You can find short-eared owls year-round in South Dakota, but they spend the summer almost entirely in Canada and northern North America.

These have “ear tuft” feathers, but they are so short that they are almost never visible, as the name implies. Like many owls, they have yellow eyes, but their black surrounds really make the color stand out.

In response to the population of their prey, such as moles, rats, rabbits, and weasels, their populations in a certain region may fluctuate from year to year.

They are particularly vulnerable to habitat destruction and splintering from the vast open grasslands they require being transformed into agricultural land, grazing land, recreational sites, and housing development.
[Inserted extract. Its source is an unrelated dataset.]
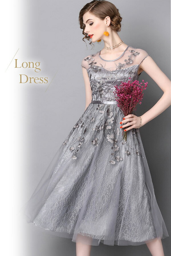 【期間限定sale 2000円off】パーティードレス ロング 大きいサイズ 結婚式 ワンピース ロング丈 袖あり ドレス パーティドレス チュール 結婚式ドレス お呼ばれドレス フォーマル 花柄シフォンレース ミモレ丈 ワンピース ドレス【dsp120】
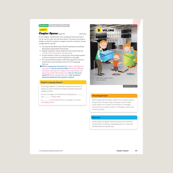 The Teacher’s Guide provides teaching ideas and strategies to facilitate exploration, classroom discussion, and student-centered learning. It also includes ideas for differentiation, ideas for small group learning, and answers with select worked solutions. The front matter provides background on the program structure, lesson and concept development, and an overview of the Readiness-Engagement-Mastery model of learning.

Their populations are believed to be declining overall.

They may be found all around the world and can range over large distances in open water.


  • Scientific name: Bubo scandiacus
  • Length: 20.5-27.9 inches
  • Weight: 56.4-104.1 oz
  • Wingspan: 49.6-57.1 inches

Although most of Canada is home to snowy owls during the winter, each year they seem to be coming farther south into the United States. During the winter months, at least a few may be seen in South Dakota, particularly in the eastern part of the state. Year to year, the quantity may vary significantly.

During the summer, these stunning owls go far north to breed in Canada’s and Greenland’s Arctic areas. All hours of the day, they’ll be hunting their favorite summer delicacy, lemmings.

Because of their bright white plumage, snowy owls are easier to observe than other owls if they are present. They are diurnal, unlike other owls, and are thus active during the day. They prefer fields, airports, and beaches when it comes to hunting. They’ll be found on or near the snow, either perched out in the open or hidden.